Ces textes organisent une action publique sur l'espace public et autour des cas humains signalés. Ils ne créent aucune obligation spécifique à la charge de l'employeur pour l'intérieur de son site. L'obligation qui pèse sur l'entreprise reste donc celle, générale, de l'article L.4121-1, appliquée au risque particulier que représente une pullulation de moustique tigre autour des installations extérieures.
Ce que cela impose concrètement
Concrètement, l'obligation générale de sécurité impose à l'employeur de supprimer les points d'eau stagnante qui servent de gîtes larvaires sur son propre site, de couvrir les réserves d'eau nécessaires à l'activité, et de fournir aux salariés qui travaillent en extérieur les moyens de se protéger des piqûres. Cette obligation ne dépend d'aucun calendrier fixé par un texte national : elle s'apprécie en continu, avec une vigilance renforcée pendant la saison d'activité du moustique, dont les dates sont fixées au niveau régional.
Qui finance les mesures
Le financement suit la même logique que l'obligation d'agir. L'assainissement du site, qu'il s'agisse de vider les contenants, de curer les regards ou d'équiper les salariés, est à la charge de l'entreprise, au même titre que toute autre mesure de prévention des risques professionnels. La lutte publique financée par la commune et l'agence régionale de santé ne prend en charge que l'espace public et les interventions autour des cas humains déclarés, jamais l'intérieur d'un site privé.
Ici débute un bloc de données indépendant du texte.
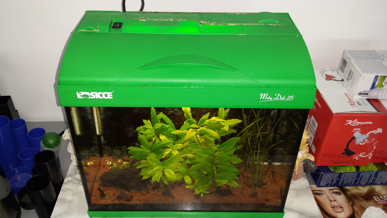 Momentan are totul in capac si lumina nu este suficienta asa ca am cumparat doua lampi care se agata pe marginea acvariului si un filtru cascada.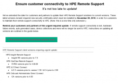 针对所有目前使用HPE远程支持监控管理软件的客户,需要安装新的安全证书以保证设备继续获得HPE远程支持连接,HPE远程支持监控管理软件的最新版本包含了新版本的安全证书,HPE要求客户和合作伙伴必须在2018年11月28日···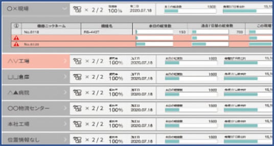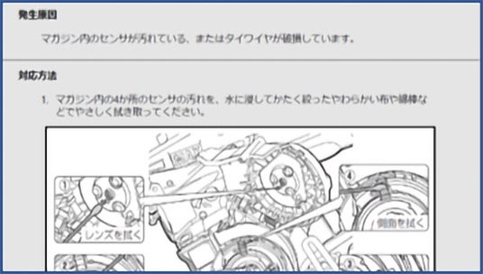 工具ごとにエラーの発生状況をモニタリングし、不具合が起きたときは対処方法を確認できます。また、稼働実績をもとに適切なタイミングでメンテナンスの推奨をお知らせします。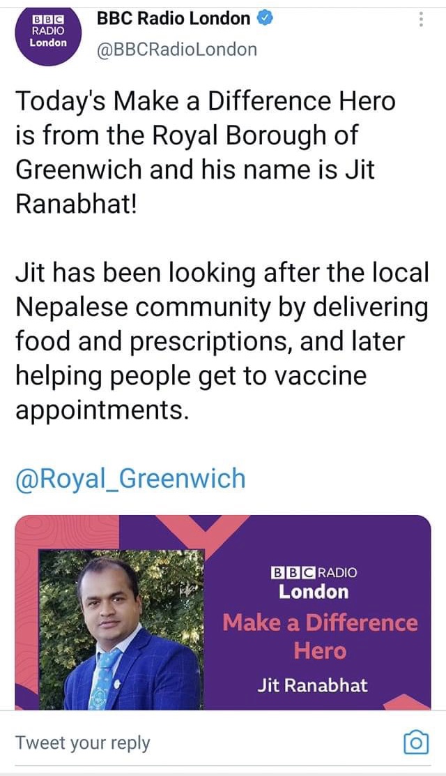 लन्डन ।कोरोना महामारीका बेला स्थानीय स्तरमा योगदान दिएको भन्दै बीबीसी रेडियो लन्डनले जीत रानाभाटलाई कदर गरेको छ ।रानाभाट रोयल बरो अफ ग्रीनवीच नेप्लिज् सोसाइटी (आरजीएनएस) अध्यक्ष एवम् एनआरएनए यूके सचिव हुन् ।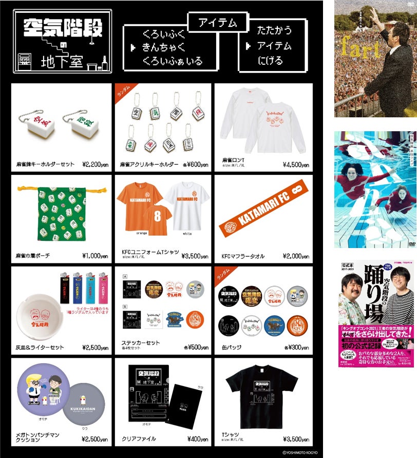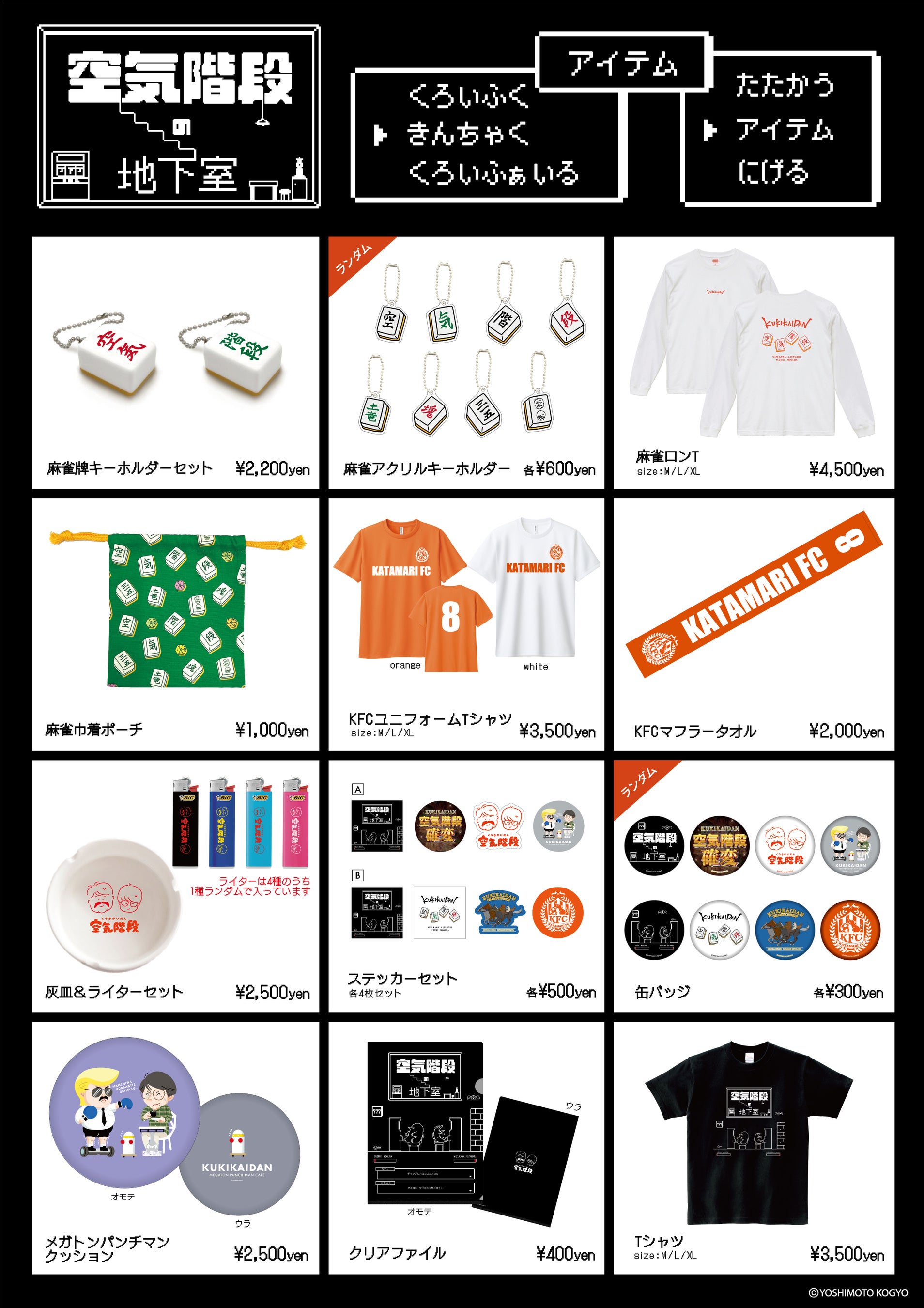 ポップアップストアでは、キングオブコント優勝ネタ「メガトンパンチマン」の小道具の展示、店内を楽しめる空気階段による音声ガイドの実施、オリジナルグッズを販売します。鈴木もぐらの趣味「麻雀」をモチーフにしたロンTや巾着ポーチ、本物の麻雀牌を使ったキーホルダーはファン必見!また、サッカー好きの水川かたまりがラジオ番組で結成したサッカーチーム「かたまりFC」のユニフォームTシャツ、マフラータオルも登場します!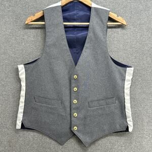 Vintage Sears Roebuck PERMA-PREST Reversible Vest Men's 42R Large Navy Blue Grey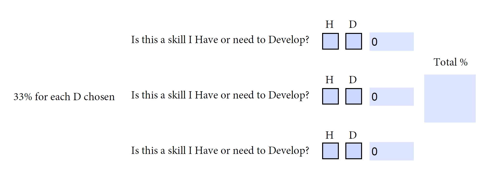 A user chooses if they Have or Need to Develop a skill. Each H chosen passes a 0. Each D chosen passes a 1 and calculates the % total. 0/33/66/100 is possible. Each H and D need a different box name, like Have1 and Develop1 and so on through possibly 300 skill levels.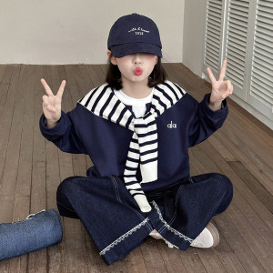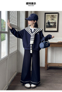女童秋装休闲套装2025新款韩版洋气女孩春秋披肩卫衣牛仔裤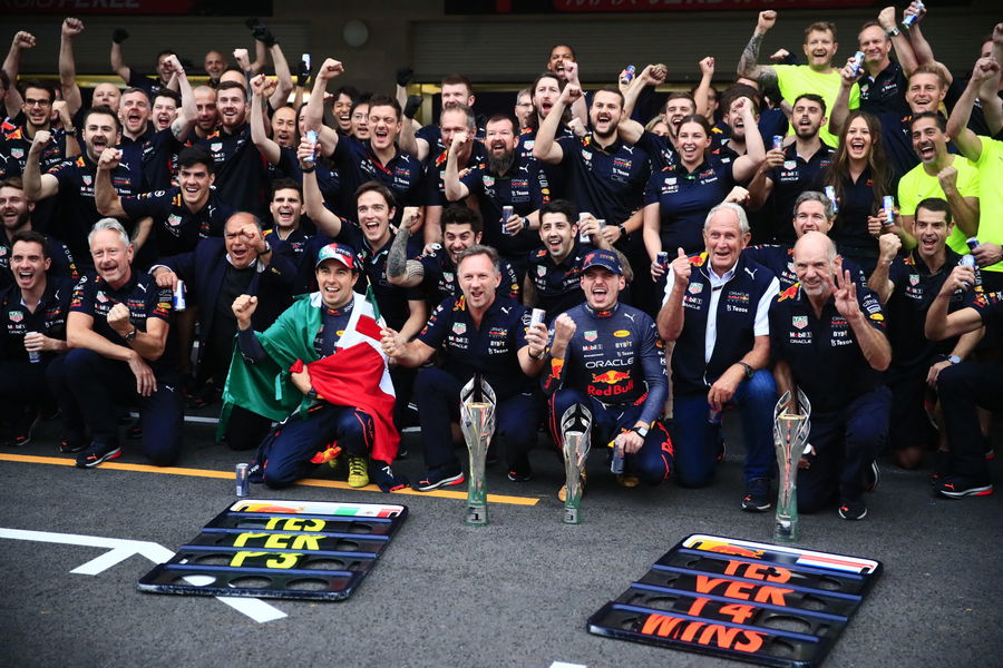 Formula One F1 – Mexico City Grand Prix – Autodromo Hermanos Rodriguez, Mexico City, Mexico – October 30, 2022 Red Bull’s Sergio Perez , Max Verstappen, team principal Christian Horner and the rest of the team celebrate after the race REUTERS/Carlos Perez Gallardo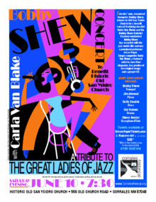 A perennial favorite, Bobby has given many concerts at the Old Church and states, "I am more than happy to help raise money for this great icon of Corrales and home to so many community events." He adds, "This is one great facility that deserves a whole lot of love and respect."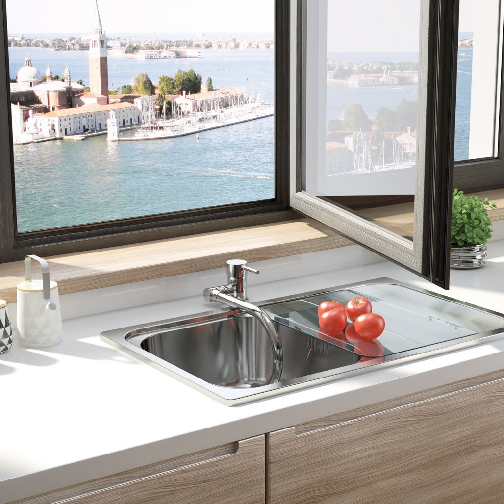 Viensviras ūdens maisītājs virtuves izlietnēm ar nolokāmu snīpi. Komplektā ar ūdens pievadiem.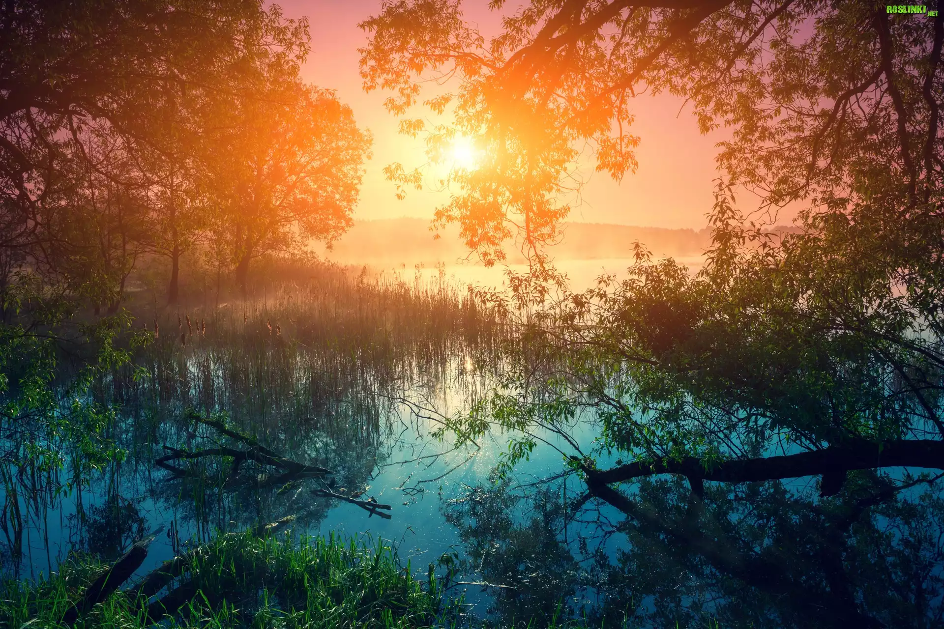 Rośliny: Drzewa, Jezioro, Wschód słońca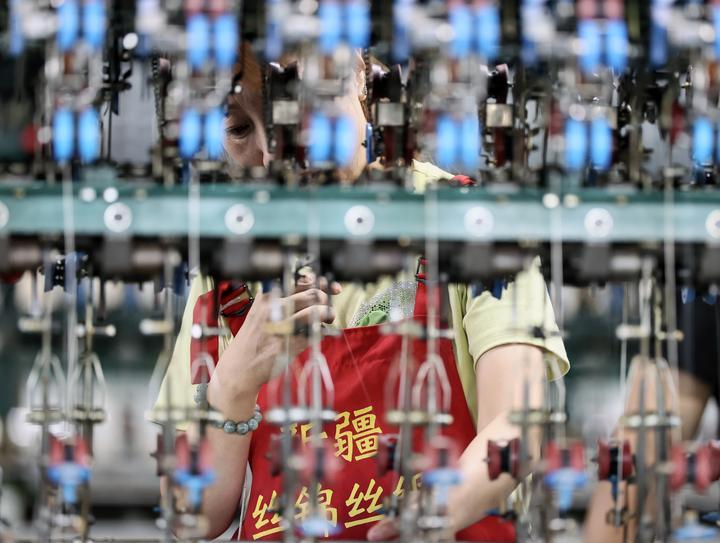 2025年7月29日,工人在新疆絲錦絲綢紡織有限公司生產(chǎn)車間內(nèi)的自動(dòng)繅絲機(jī)上作業(yè)。近年來(lái),新疆塔城地區(qū)烏蘇市引進(jìn)桑蠶繭絲綢智能化全產(chǎn)業(yè)鏈項(xiàng)目,鼓勵(lì)農(nóng)民種桑養(yǎng)蠶,拓寬興邊富民新“絲”路。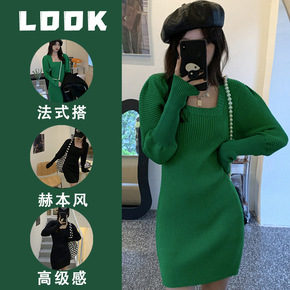 法式小个子宽松显瘦针织连衣裙女秋冬设计感中长款绿色...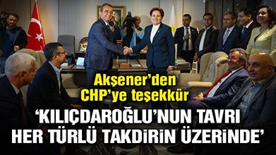 İYİ Parti Genel Başkanı Meral Akşener, “CHP ve değerli Genel Başkanı Sayın Kemal Kılıçdaroğlu’nun ortaya koyduğu tavır her türlü takdirin üzerindedir” dedi.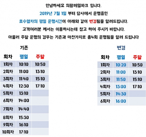 2019년 7월1일 월요일 부터 당사에서 운행중인 호수열차의 평일 운영시간이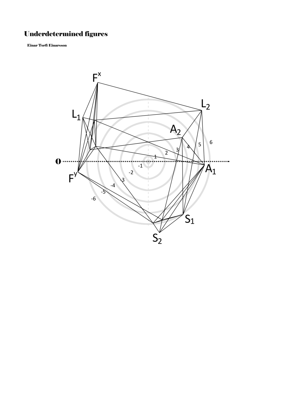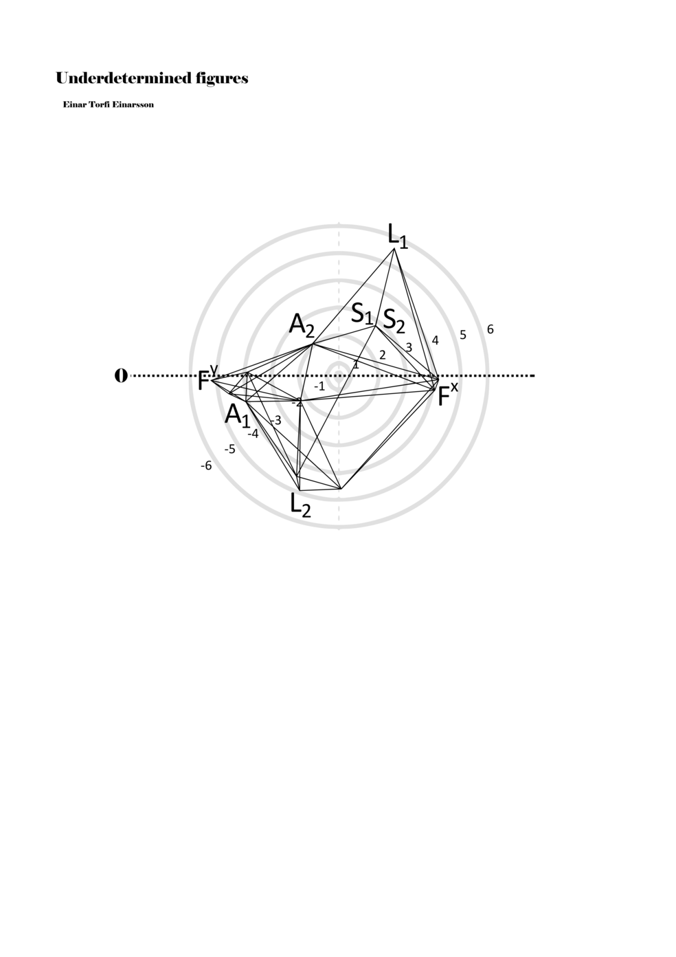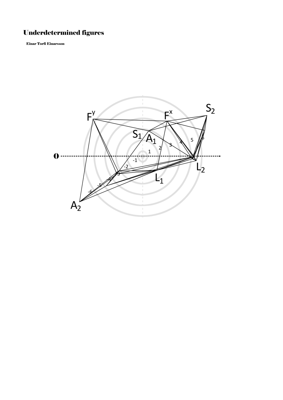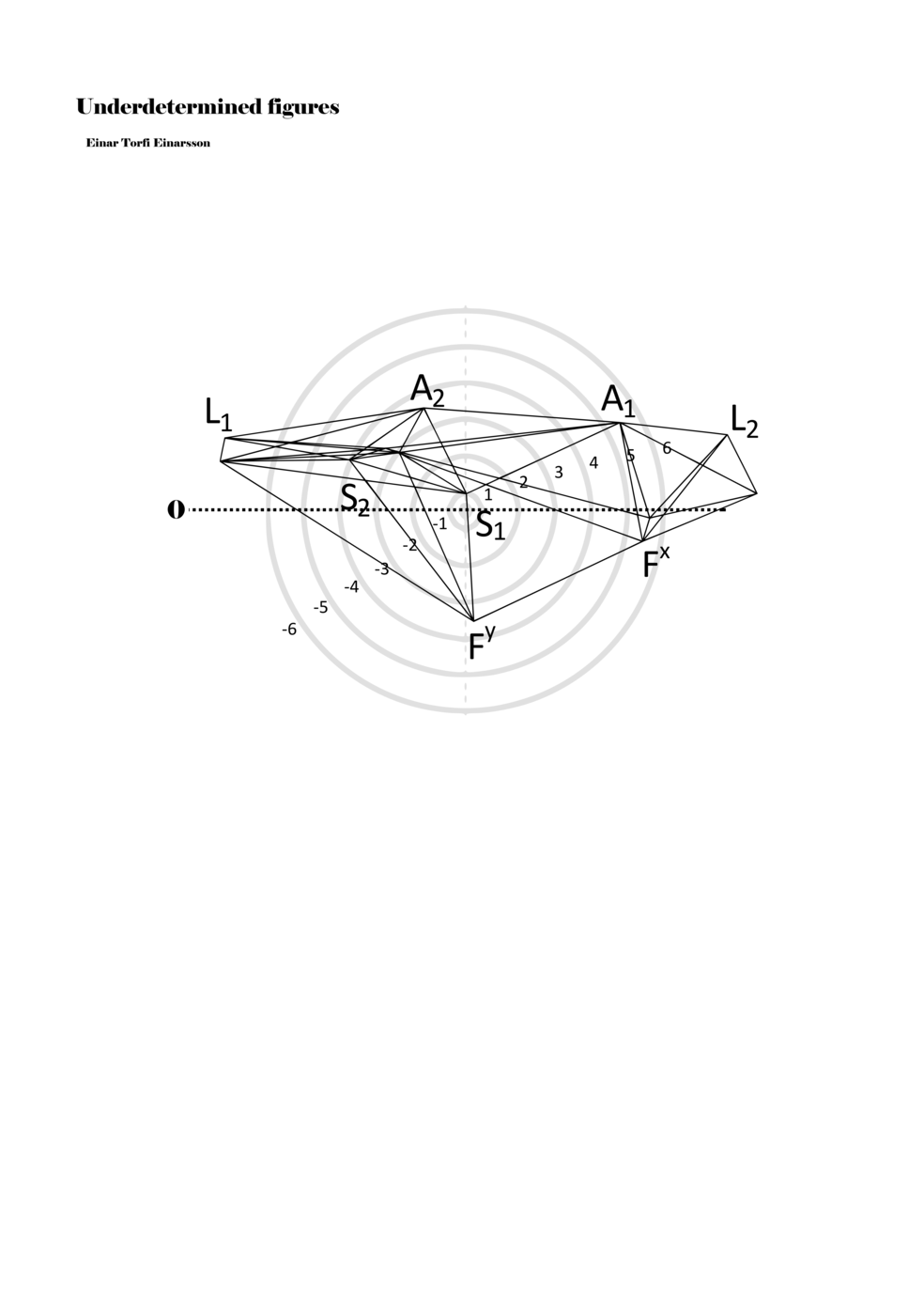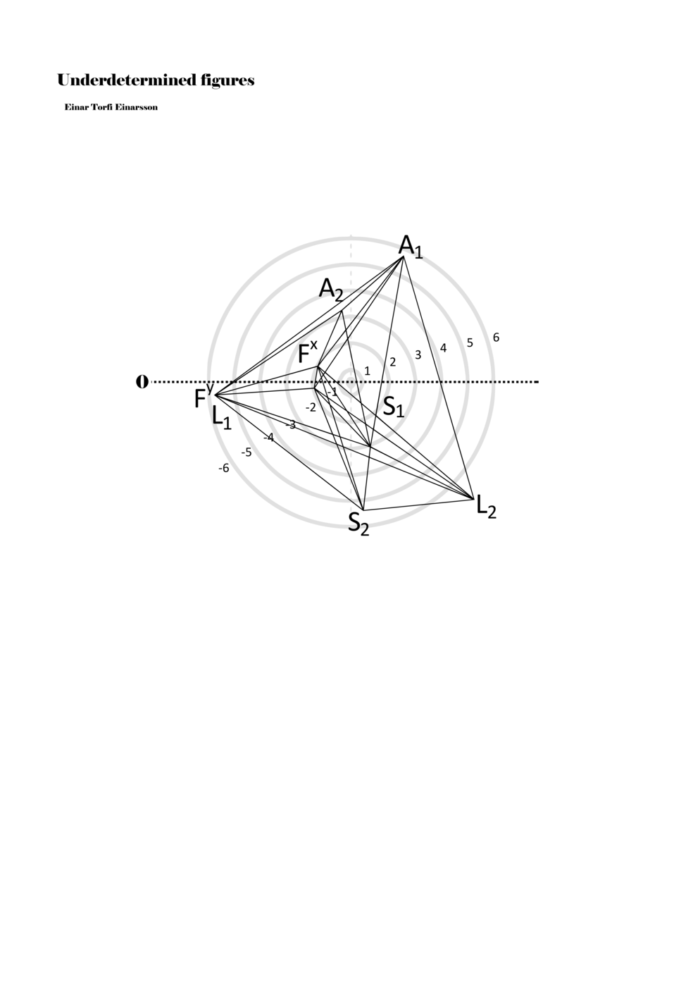 When a figure is placed within this parametric space one can thus read all kinds of changes in value when following the lines in any direction (paths). These number rows are then assigned specific physical parameters, which then operate as instructions for performers. In example 2 we see one figure placed within the field. Indicators (F, L, A, S, see details below) denote starting points (or the initial ‘posture’ of the performer) – that is, where a given parameter initiates when performing the figure. A path is chosen by the performer for each indicator/parameter but from each indicator there are several possible paths and only one path is chosen. The rule is, follow a line from the indicator to the next point (where lines join) in the figure. So, for each parameter there is a line from the indicator to the next point (or node) resulting in a change in value for that parameter. Importantly, when performing the figure all parameters are active, so the performer aims to perform all the chosen paths simultaneously. In example 2, Fx (force) initiates around -3.3 and can proceed through several paths to another point: -2, -1, +2, or -2.8, and so on. The same goes for the other indicators. Each figure is therefore a set of paths indicating a change in certain parameters, and all these paths are played simultaneously for the duration of the figure (each figure is always performed for around 2–3 seconds).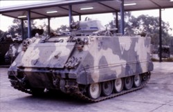 I have included  some photos of the first batch of cam painted vehicles we did mid 1981, prior  to exercise Kangaroo 81.  The 3rd Task Force (as it was known then)  Commander, Neville Smedhurst, directed 102 Field Workshops to paint everything  cam (including weapons).   The selected colours for vehicles overlaid on  the base olive drab were:

Quand la situation reste ambiguë
La difficulté vient de l'absence de texte propre à l'employeur en matière de lutte antivectorielle. Faute de disposition spécifique, l'appréciation du niveau de mesures suffisantes repose sur l'obligation générale de sécurité, qui s'apprécie au cas par cas selon l'exposition réelle des salariés et l'état du site. Un site qui accumule des contenants en eau stagnante sans aucune action documentée est en position fragile en cas d'incident, même en l'absence de tout texte listant précisément le moustique tigre parmi les risques couverts. À l'inverse, dès que la pullulation dépasse le site et touche l'espace public environnant, la compétence bascule vers la commune, puis vers l'agence régionale de santé si un cas humain est déclaré à proximité.
Les recours ouverts
Les représentants du personnel peuvent saisir l'employeur ; pour l'espace public, la commune puis l'agence régionale de santé sont compétentes.
Ce qu'il faut pouvoir produire
- Inventaire des gîtes potentiels du site
- Plan d'action et bons d'intervention
- Consignes diffusées aux équipes
- Signalements adressés à la commune
Les erreurs qui coûtent cher
- Pulvériser un adulticide sans supprimer les gîtes
- Stocker des pneus ou des bâches à l'air libre
- Laisser des bacs de chantier en eau entre deux interventions
Ce que les textes ne tranchent pas
- Aucune obligation propre à l'employeur en matière de lutte antivectorielle n'a été identifiée dans les textes vérifiés.
Sources et dates de relevé. article L.4121-1 du code du travail, Obligation générale de sécurité de l'employeur, consulté le 12 septembre 2026. décret n° 2019-258 du 29 mars 2019, Prévention des maladies vectorielles, consulté le 12 septembre 2026. loi n° 64-1246 du 16 décembre 1964, Lutte contre les moustiques, consulté le 12 septembre 2026. arrêté du 23 juillet 2019, Surveillance entomologique, intervention autour des détections et prospection, consulté le 12 septembre 2026.